Photo: © 2014 Patrick McMullan Company, Inc.

It’s been nearly a decade since the once prestigious American art dealer Berry-Hill Galleries filed for Chapter 11 bankruptcy, but the gallery’s financial woes continue even today. A recent ruling in a complicated dispute with a private investment company, signed by New York State Supreme Court judge Shirley Kornreich late last month, shines additional light onto the murky, unethical business practices the gallery used to attract financing and facilitate deals.

An arbitrator ruled that James Hill and Berry-Hill Galleries must pay roughly $3 million to 624 Art Holdings, the name under which a private investment firm in midtown Manhattan pursued claims against Hill and the gallery for various unfulfilled art deals. According to a 30-page arbitration decision, obtained by artnet News, the convoluted schemes and ensuing disputes played out over the course of the last seven or eight years, and were happening even as the gallery was on the hook for tens of millions of dollars in connection with its bankruptcy filing.

Shady Business on a Charles Sheeler Painting

According to the legal documents, 624 came to Berry-Hill looking for help with an art investment. Instead, the gallery acted to channel funds to its own needs.

On January 18, 2006 Berry-Hill purchased a painting titled Meta-Mold by Charles Sheeler on 624’s behalf for $550,000. Two years later, the gallery sold the Sheeler, though they failed to realize much of a profit for their client: the deal was worth $475,000 in cash “and in-kind exchange of another artwork” titled Skating Scene by Regis Gignoux (a French painter who, quite frankly, we have never heard of before), worth $75,000.

The way Berry-Hill maneuvered, however, it gained and 624 lost out big time. According to the report, 624 Art Holdings got the Gignoux. But the nearly half-million dollars in cash proceeds from the Sheeler sale went instead to pay off one of Berry-Hill’s creditors, American Capital Strategies.

A Three-Way Fight Over a Bellows

Another even more spectacular dispute with 624 involves Jersey Woods by George Bellows, and shows how one bad deal led to another.

According to the court papers, way back  in 2003—well before the 2005 Berry-Hill bankruptcy filing—collectors John and Toni Bloomberg had filed a complaint in New York Supreme Court against Berry-Hill alleging fraud in the purchase of the Bellows painting. They had bought the work from the gallery for $750,000 and only later learned it was “in damaged, unsellable condition.” Sotheby’s attempted and failed to sell the painting at auction “due to its extensive damage,” the decision states. In September 2004, the Bloombergs and Berry-Hill reached a settlement agreement over the lemon Bellows: The gallery agreed to repurchase one-half interest in the painting for $300,000.

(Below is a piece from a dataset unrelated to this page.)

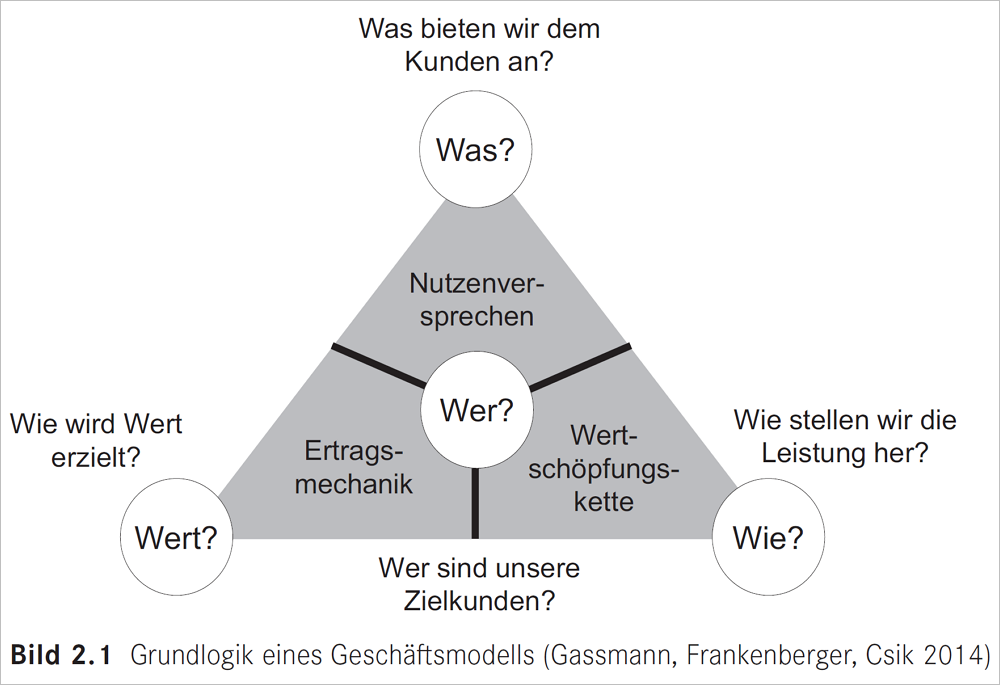 Doch was ist ein Geschäftsmodell? Verkürzt erklärt, ist es die Strategie, die ein Unternehmen fährt, um Wert zu generieren und dabei Geld zu verdienen. Nach Gassmann, Frankenberger und Csik (2014) ist ein Geschäftsmodell die integrale Antwort auf vier Fragen (siehe Bild 2.1):

However, the opportunity to make peace with the Bloombergs was at the same time an opportunity to engage in further questionable dealings with 624: According to the ruling, Berry-Hill actually fulfilled their obligation by getting 624 to put up the money, essentially selling the investment group a half share in a painting they already knew was damaged—and had already been sued for.

The arbitrator’s statement in his finding is damning: He says that Berry-Hill “failed to disclose to 624 that 1) the Bellows was damaged and unsellable 2) the painting is the subject of a legal dispute and encumbered by the Bloomberg settlement and 3) that [Berry-Hill] used 624’s funds in order to partially extinguish legal claims.” An executive of 624 Art Holdings is quoted in the decision to the effect that he would not have put up the money if the background had been known: “I am not in the business of financing other people’s litigation settlements.”

A Storm of Other Complaints

The decision also includes a dispute over a George Inness painting, Approaching Storm, which may have been a fake, as well as a variety of other complex-sounding schemes. All told, the damages total roughly $3 million.

In a call with artnet News, Samuel P. Israel, the attorney for 624 Art Holdings, summed up his client’s take on the matter:

“[James] Hill apparently converted our client’s property in part to pay off debt that he personally guaranteed. The case had to do with independent acts by which Hill exploited an agency relationship to convert funds and artwork with which he was entrusted. The specifics of the misconduct are ornate and the character at the center of the story—Hill—is a cross between Falstaff and Mrs. Macbeth. He tells fairy tales about the intrinsic beauty of the works even as he purloins and liquidates them to pay off his own debt.”